Right after the incident, the park was closed and all the guests went outside. The investigators decided to close the park for a whole week, until the next weekend, while they were conducting an in-depth investigation to determine what had happened the fatal day.

According to the report that was released few days ago, investigators concluded that the employees did not properly check if she was buckled in and did not understand the operations of the ride.

According to the safety procedure for that specific ride, the amusement park employees should undone all buckles after the end of every ride. Before each ride, workers are supposed to ensure that all buckles are correctly fastened to the riders.

The manager of the park confirmed that in case something is wrong with the belts tied to the riders, an alarm will sound as a safety precaution and workers should double check everything. So how the fatal accident happened?

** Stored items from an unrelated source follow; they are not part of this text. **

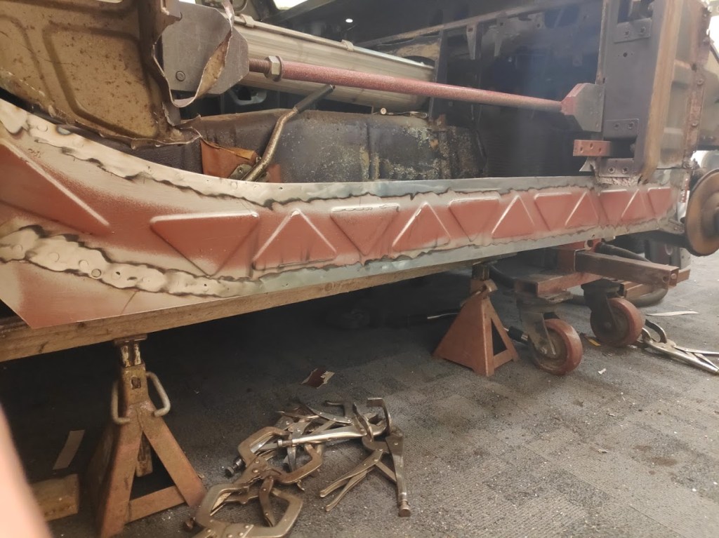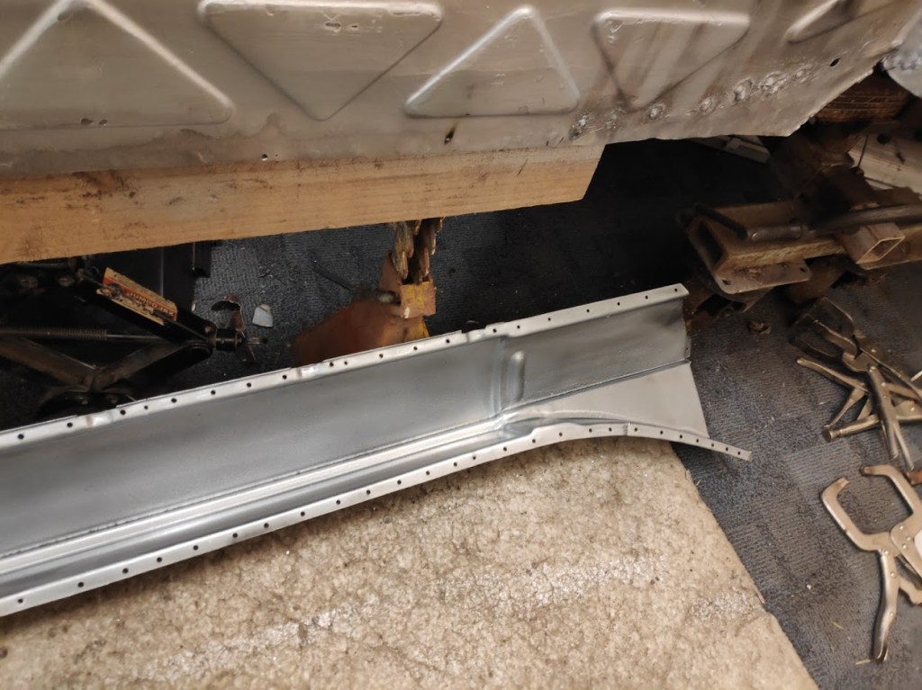 Inner step sill repairs first. These have a joddled flange so they sit flush on the internal side of the inner step sill. Punched and seem tacked on the inner part of the sill, it’s not going to get seen once its seam sealed and has a coat of epoxy sealer. The inner side of the joint on the step section I will seem weld and then grind flush once the car is on the rotisserie. Castle rail fitted well considering there wasn’t much to align it against.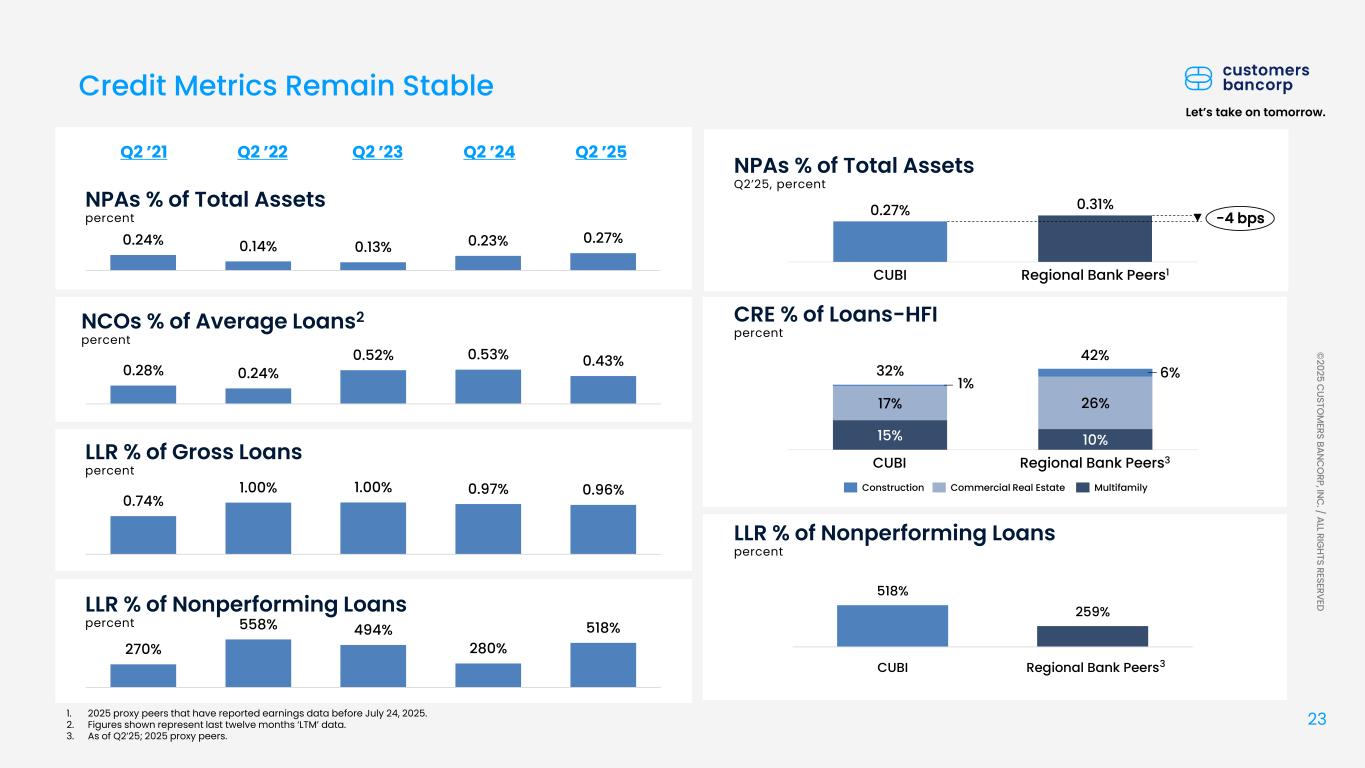 24 Let’s take on tomorrow. © 2025 C USTO M ERS BANC O RP, INC . / ALL RIG HTS RESERVED 1. Excludes mortgage finance and installment reported at fair value, loans held for sale. 2. Utilized Moody’s June 2025 baseline and adverse forecast scenario with qualitative adjustments for Q2’25 provision for credit losses. 3. Utilized Moody’s March 2025 baseline and adverse forecast scenario with qualitative adjustments for Q1’25 provision for credit losses. June 30, 2025 March 31, 2025 Amortized Cost(1) Allowance for Credit Losses Lifetime Loss Rate(2) Amortized Cost Allowance for Credit Losses Lifetime Loss Rate(3) ($ in thousands) Loans and Leases Receivable: Commercial: Commercial and Industrial, including Specialized Lending $ 7,581,855 $ 36,262 0.48 % $ 7,244,462 $ 30,584 0.42 % Multifamily 2,247,282 20,864 0.93 % 2,322,123 18,790 0.81 % Commercial Real Estate Owner Occupied 1,065,006 12,514 1.18 % 1,139,126 10,780 0.95 % Commercial Real Estate Non-Owner Occupied 1,497,385 20,679 1.38 % 1,438,906 18,058 1.25 % Construction 98,626 2,160 2.19 % 154,647 1,264 0.82 % Total Commercial Loans and Leases Receivable $ 12,490,154 $ 92,479 0.74 % $ 12,299,264 $ 79,476 0.65 % Consumer: Residential Real Estate $ 520,570 $ 6,331 1.22 % $ 496,772 $ 6,163 1.24 % Manufacturing Housing 30,287 3,721 12.29 % 31,775 3,800 11.96 % Installment 678,818 44,887 6.61 % 728,009 51,637 7.09 % Total Consumer Loans Receivable $ 1,229,675 $ 54,939 4.47 % $ 1,256,556 $ 61,600 4.90 % Total Loans and Leases Receivable $ 13,719,829 $ 147,418 1.07 % $ 13,555,820 $ 141,076 1.04 % Allowance for Credit Losses for Loans and Leases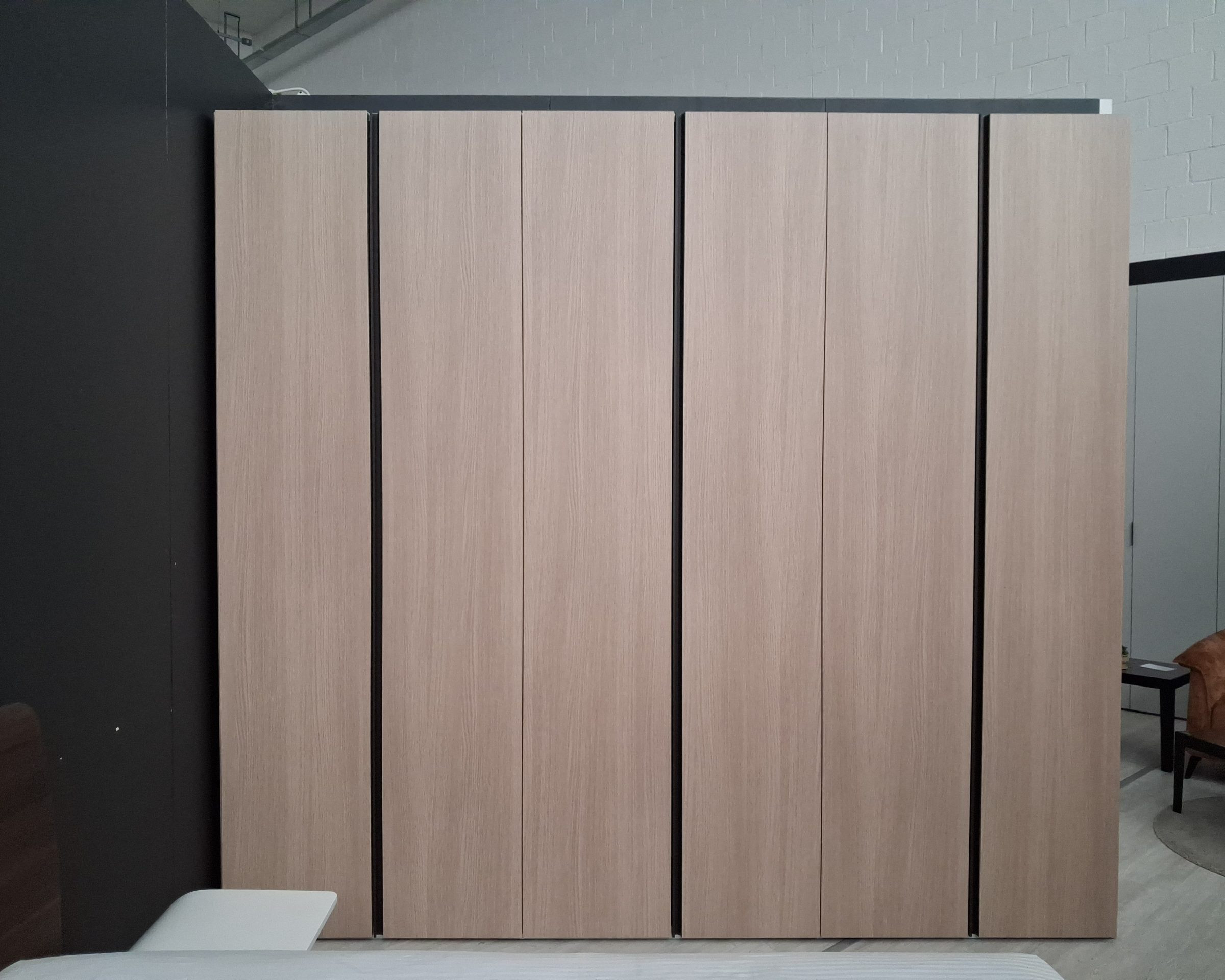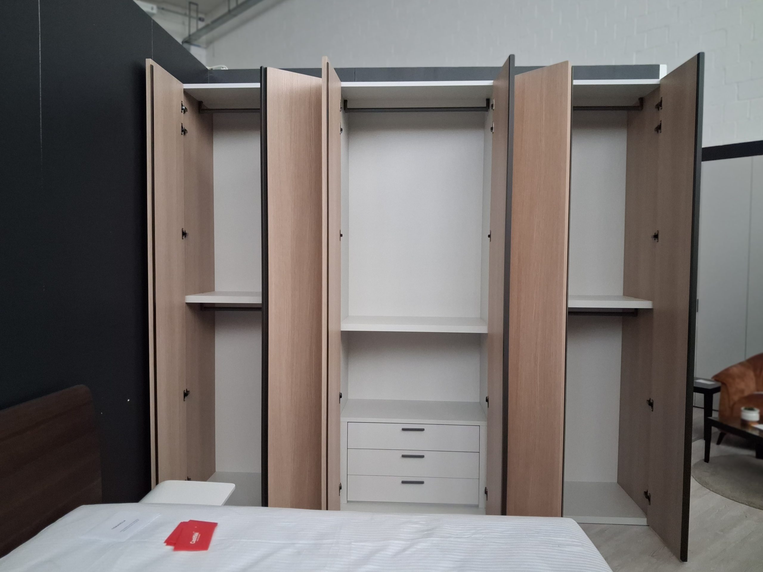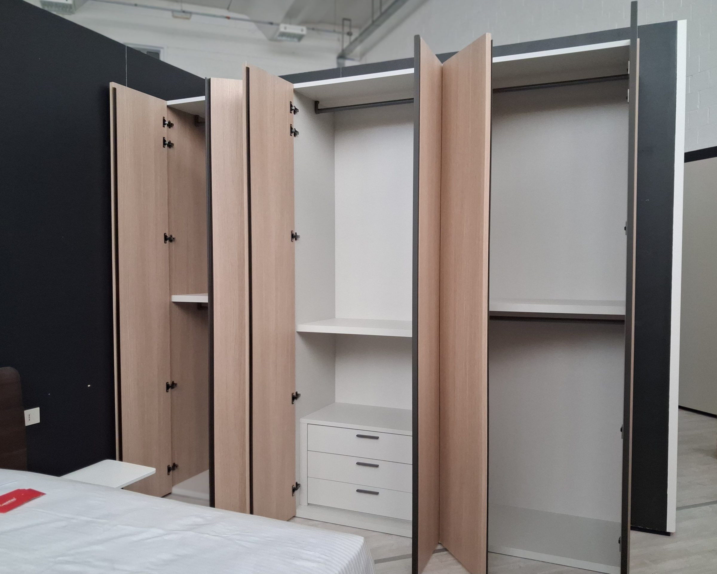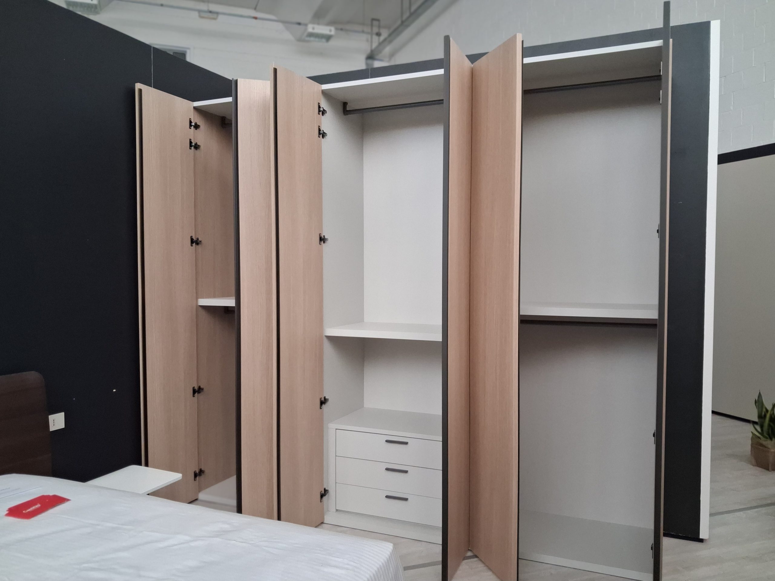 Accessoriato con ripiani, barre appendiabiti e cassettiera; Finitura Rovere sabbia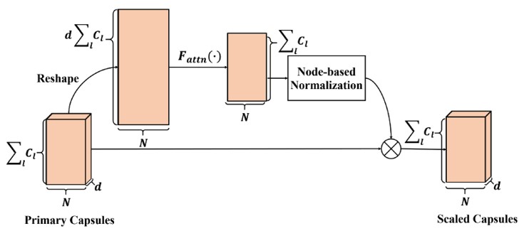将初始胶囊的每一个节点的所有通道的d维向量进行concat,生成第二个图的向量,利用注意力函数F计算出注意力值矩阵,然后对每一行进行归一化,得到每个通道不同节点的注意力值的归一化值,然后与原来初始胶囊相乘,可以得到>带有不同注意力的胶囊向量组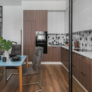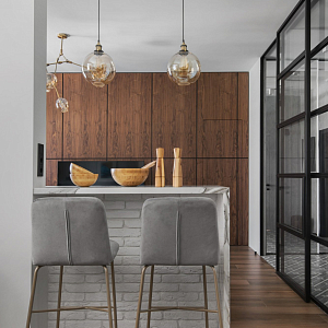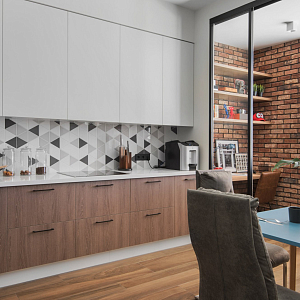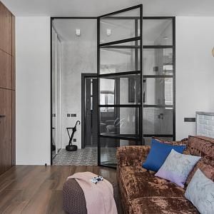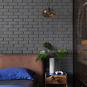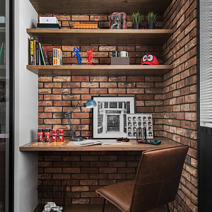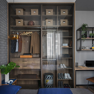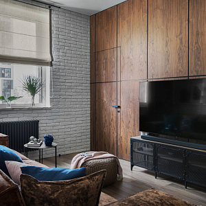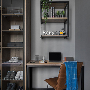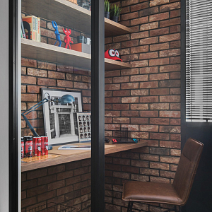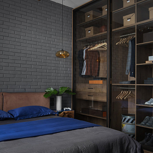 Интерьер спальни c рабочим местом и шкафом у кровати в стиле лофт, проект «Квартира с характером в ЖК Тушино 2018» №4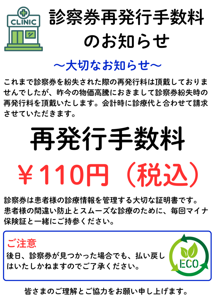 これまで診察券を紛失された際の再発行料は頂戴しておりませんでしたが、昨今の物価高騰におきまして診察券紛失時の再発行料を令和7年9月19日より頂戴いたします。会計時に診療代と合わせて請求させていただきます。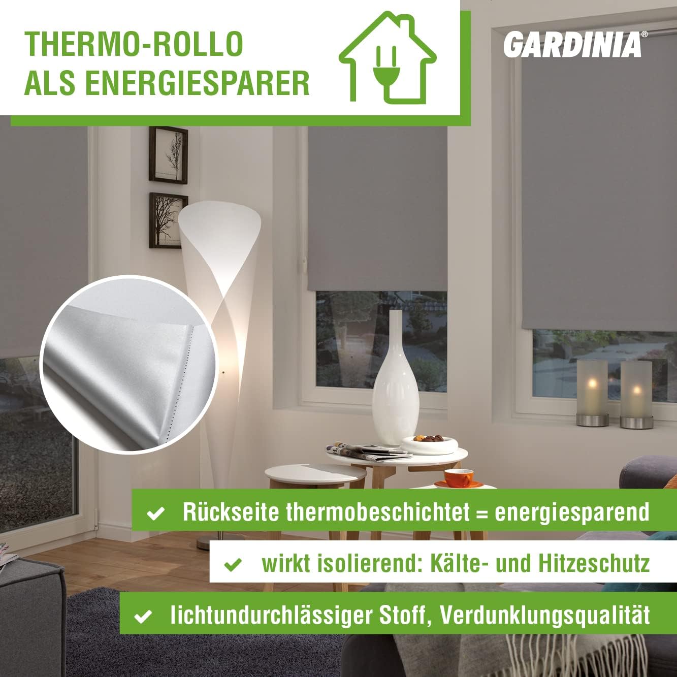 - Lichtundurchlässiges Rollo für alle gängigen Fenster, Stufenloses Verstellen mittels Kettenzug, Höchste Lichtreflektion dank Thermo-Rückseite, Ideale Speicherung von Wärme im Winter und Kühle im Sommer, Montage ohne Bohren und Werkzeug

In the case of Estifanos, employees’ mistake was the reason for the fatal incident. The investigators were able to prove that when Estifanos got on the ride, the buckle to her seat was not undone, and she sat on top of the restraints, according to the report. She pulled the end of the seat buckle used to tighten the restraint over her lap, which made it seem like the buckle was on.

The alarm in this case didn’t take off because the seatbelt was never undone and the system received a signal that everything is right. But what is even more alarming is the fact that the amusement park employee never underwent a proper training and never learned how the whole system actually works.

The operators went around and pushed the rods into seats for riders, including Estifanos, but did not fix her buckle. The alarm was still on, but the operators reset the system and continued with the ride.

As soon as the report was done and presented to the family and the authorities, Estifanos parents said they are about to file a lawsuit against the amusement park since the report proves Estifanos “was killed because of multiple failures by the amusement park and its operators.”

Additionally, the prosecutors are yet to determine if criminal charges should be brought in the case.